_Information provided_:
----------
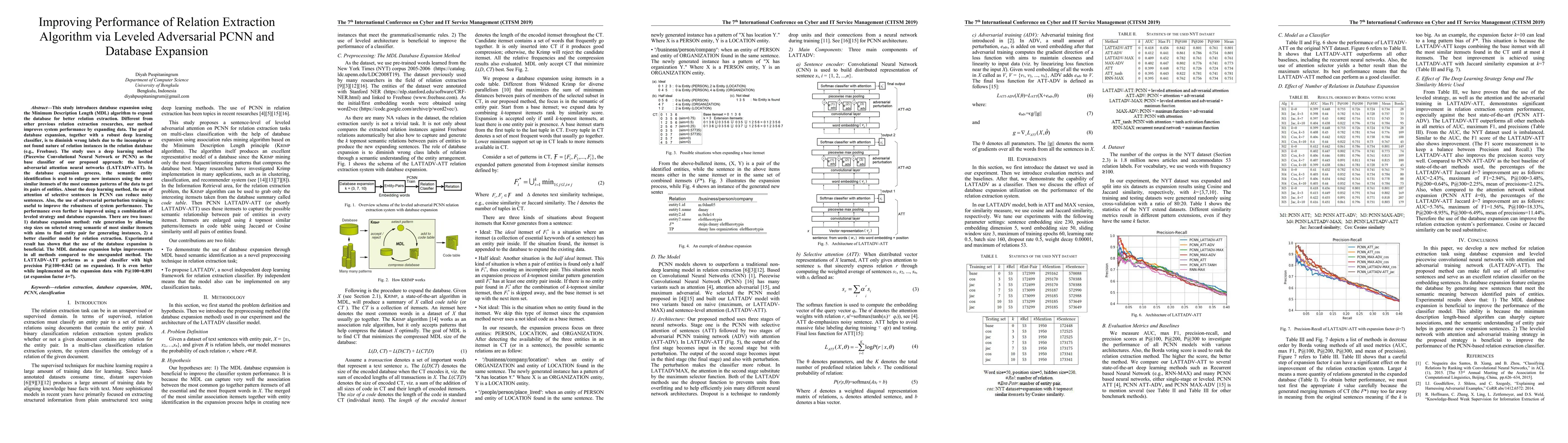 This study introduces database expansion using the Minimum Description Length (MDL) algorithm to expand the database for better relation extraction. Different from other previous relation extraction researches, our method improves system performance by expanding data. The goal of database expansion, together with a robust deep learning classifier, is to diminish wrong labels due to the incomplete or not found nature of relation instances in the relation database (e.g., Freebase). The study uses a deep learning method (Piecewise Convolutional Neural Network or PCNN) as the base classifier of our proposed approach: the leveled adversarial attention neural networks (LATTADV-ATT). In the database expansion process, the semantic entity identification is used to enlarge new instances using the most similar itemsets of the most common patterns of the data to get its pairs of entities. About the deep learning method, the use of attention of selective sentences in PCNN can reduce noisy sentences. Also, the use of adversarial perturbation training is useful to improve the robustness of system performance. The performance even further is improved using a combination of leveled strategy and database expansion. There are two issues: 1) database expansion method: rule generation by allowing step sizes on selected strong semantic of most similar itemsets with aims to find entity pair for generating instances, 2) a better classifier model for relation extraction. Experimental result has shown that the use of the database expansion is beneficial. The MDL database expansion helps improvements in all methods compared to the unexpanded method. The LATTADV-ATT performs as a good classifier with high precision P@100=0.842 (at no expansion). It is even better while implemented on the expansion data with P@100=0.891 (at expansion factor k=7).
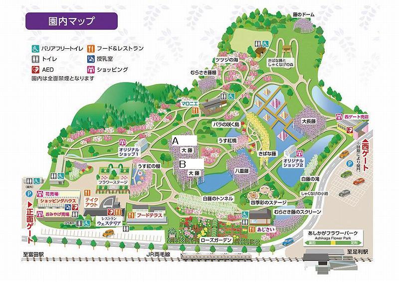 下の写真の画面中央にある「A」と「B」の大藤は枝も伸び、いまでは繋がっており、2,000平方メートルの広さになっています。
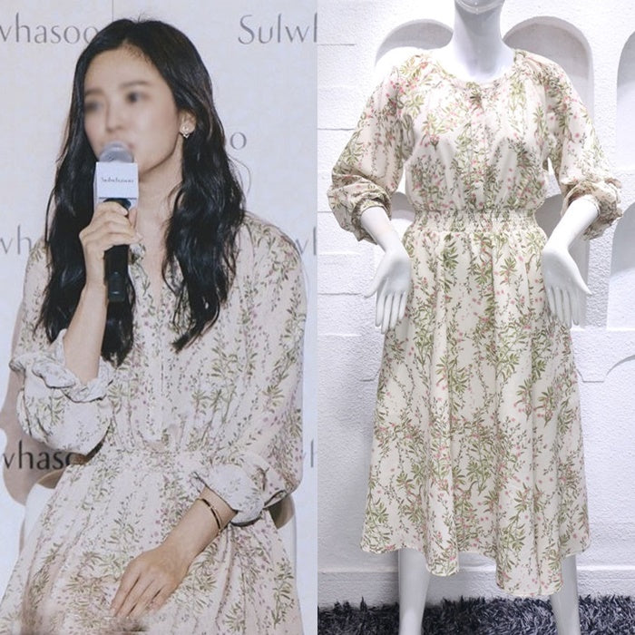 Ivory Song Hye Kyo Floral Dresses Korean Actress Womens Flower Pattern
----------
_Problem statement_: Find the line holding "下の写真の画面中央にある「A" in the data above. Retype it and every later line exactly, through the end, but not the pictures.

_Written answer_:
 下の写真の画面中央にある「A」と「B」の大藤は枝も伸び、いまでは繋がっており、2,000平方メートルの広さになっています。
 Ivory Song Hye Kyo Floral Dresses Korean Actress Womens Flower Pattern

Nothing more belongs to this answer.